ACTIVITY:
Repeat the listing below exactly from the line with "Policia thotë se" through its last line. Skip every picture.

MATERIAL TO PROCESS:

┌────────

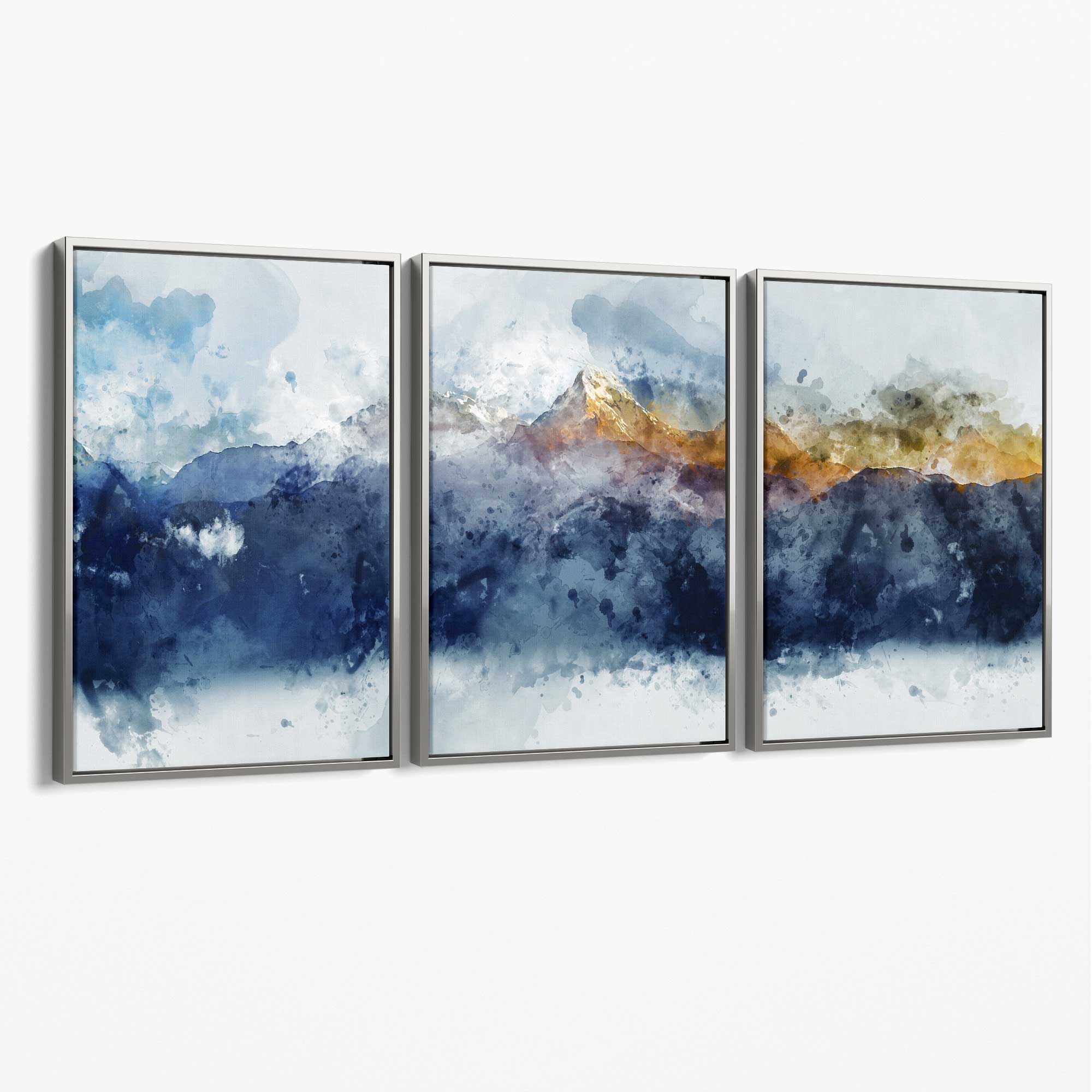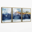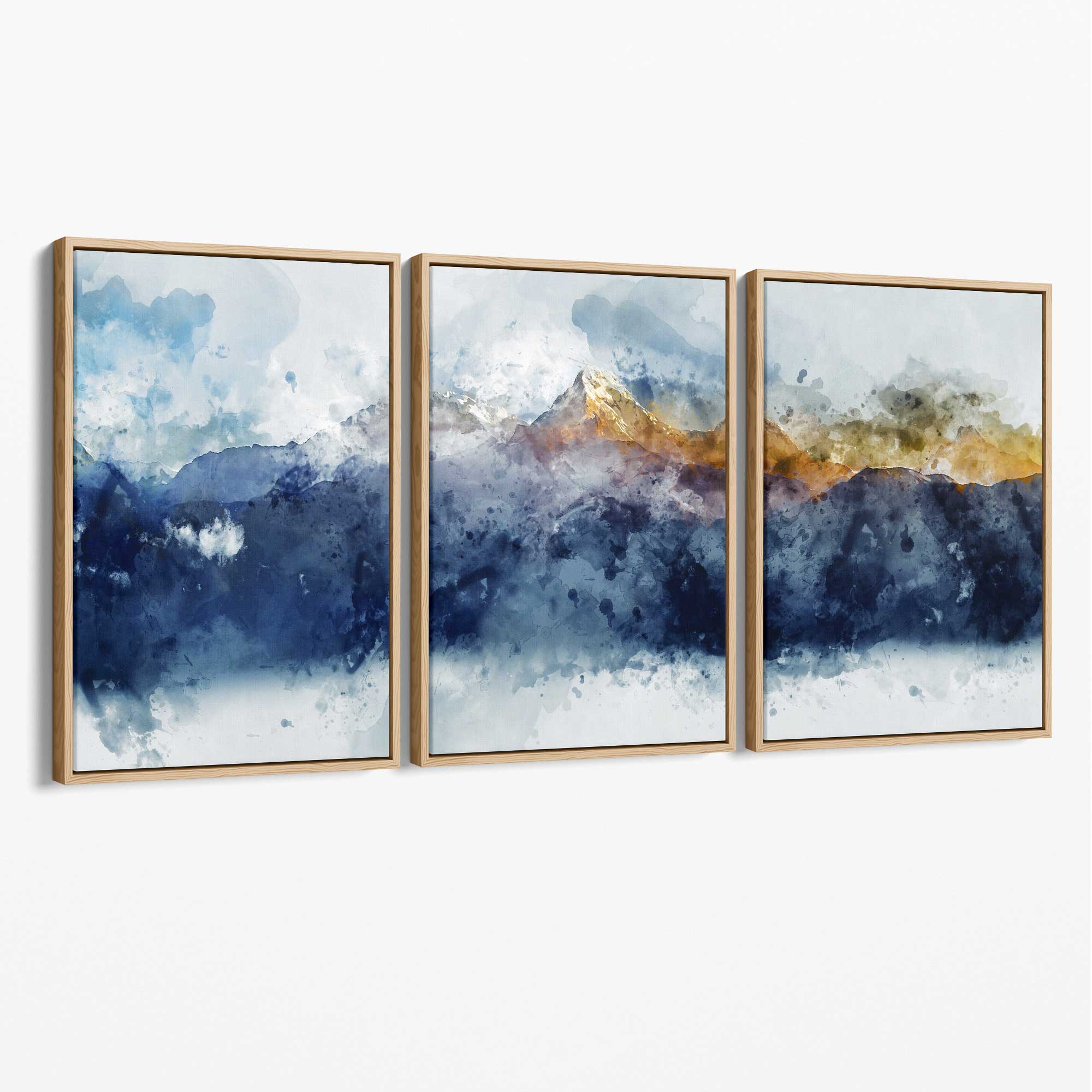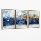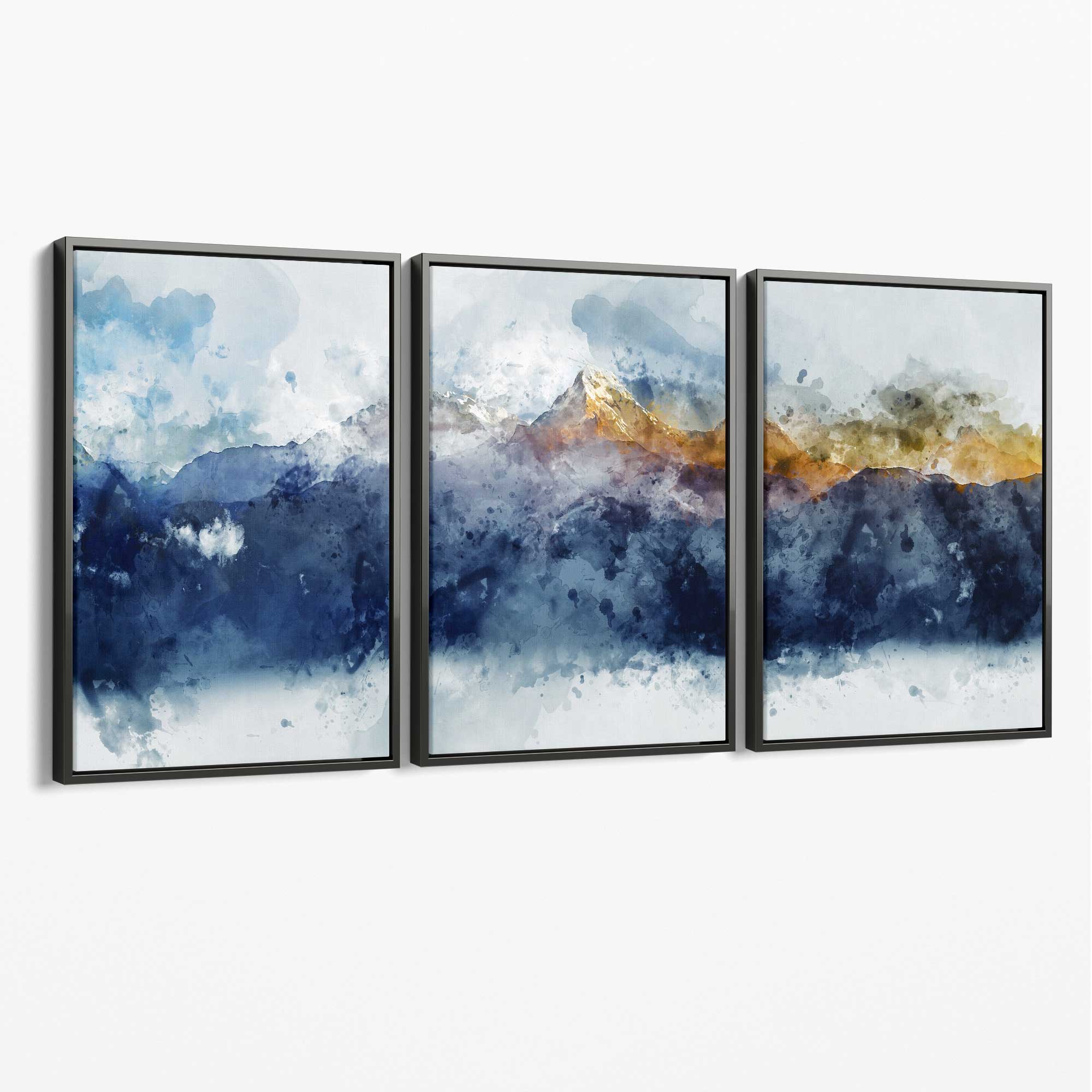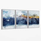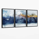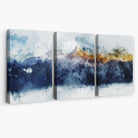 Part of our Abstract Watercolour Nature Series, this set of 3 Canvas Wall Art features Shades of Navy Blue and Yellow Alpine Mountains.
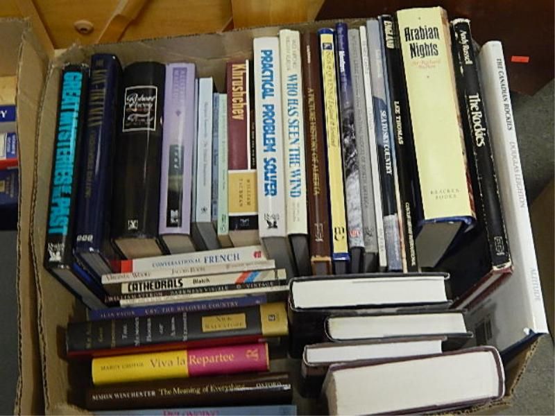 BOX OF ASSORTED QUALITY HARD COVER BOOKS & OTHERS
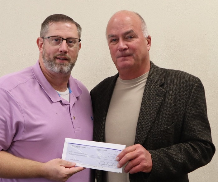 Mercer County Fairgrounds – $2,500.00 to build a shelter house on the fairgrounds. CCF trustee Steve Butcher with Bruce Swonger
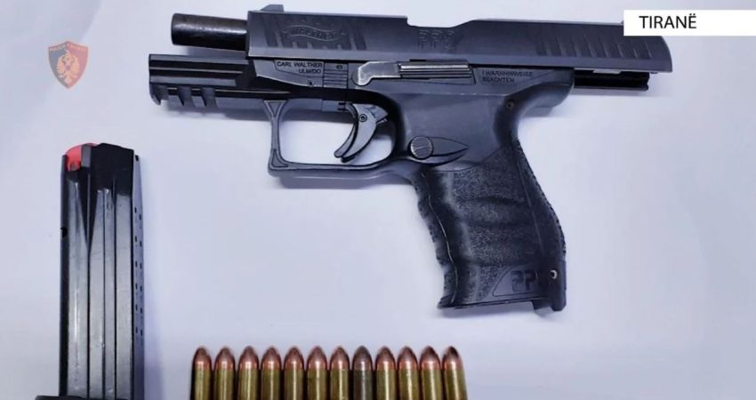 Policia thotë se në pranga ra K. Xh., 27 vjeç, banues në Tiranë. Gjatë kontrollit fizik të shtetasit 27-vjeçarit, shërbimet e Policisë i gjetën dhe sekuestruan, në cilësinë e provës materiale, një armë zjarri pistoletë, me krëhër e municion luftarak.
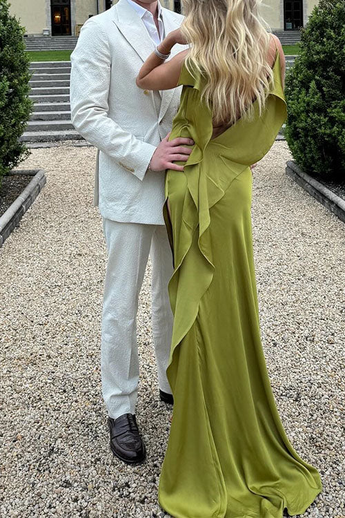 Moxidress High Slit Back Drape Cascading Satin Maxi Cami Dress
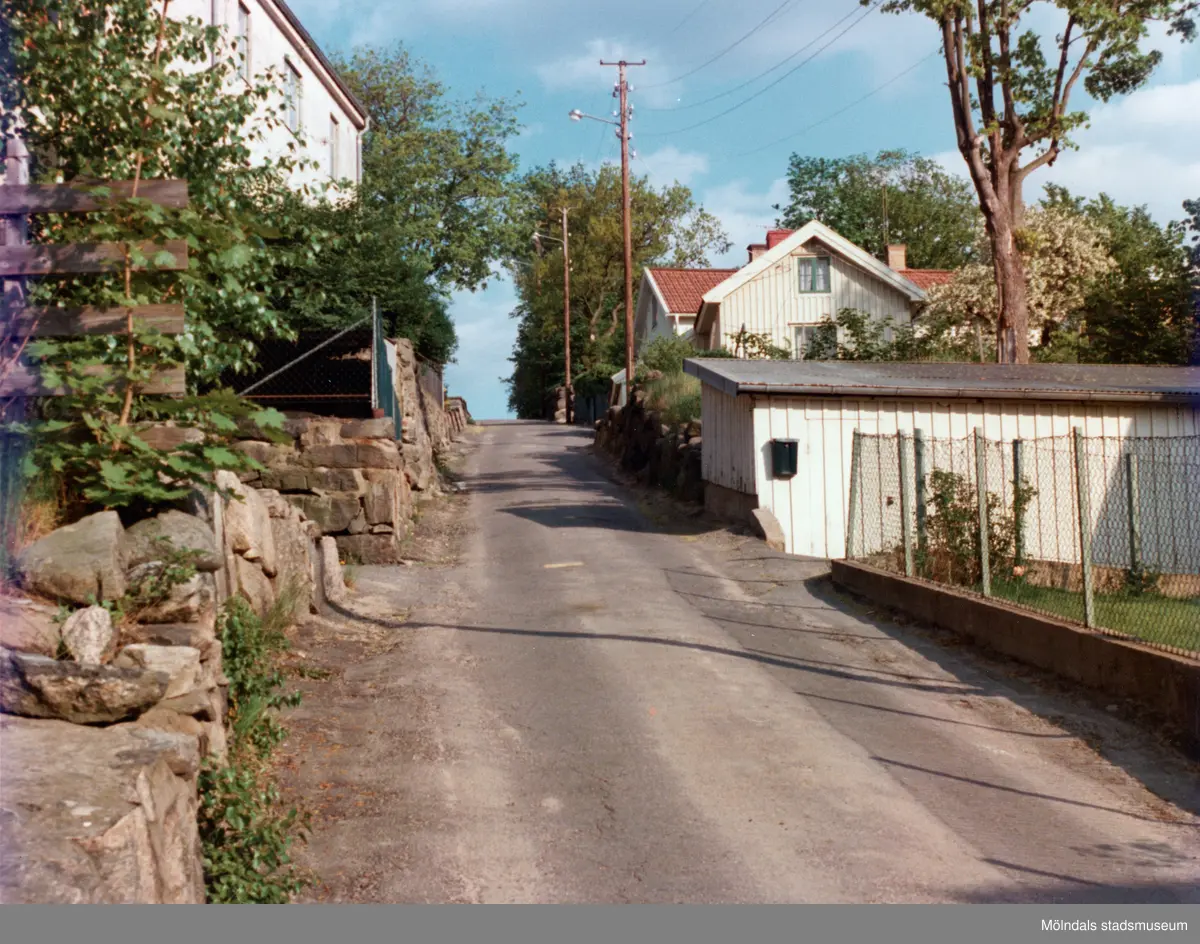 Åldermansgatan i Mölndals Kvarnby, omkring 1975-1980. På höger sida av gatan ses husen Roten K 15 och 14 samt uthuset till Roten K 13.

└────────

TASK RESPONSE:
 Policia thotë se në pranga ra K. Xh., 27 vjeç, banues në Tiranë. Gjatë kontrollit fizik të shtetasit 27-vjeçarit, shërbimet e Policisë i gjetën dhe sekuestruan, në cilësinë e provës materiale, një armë zjarri pistoletë, me krëhër e municion luftarak.
 Moxidress High Slit Back Drape Cascading Satin Maxi Cami Dress
 Åldermansgatan i Mölndals Kvarnby, omkring 1975-1980. På höger sida av gatan ses husen Roten K 15 och 14 samt uthuset till Roten K 13.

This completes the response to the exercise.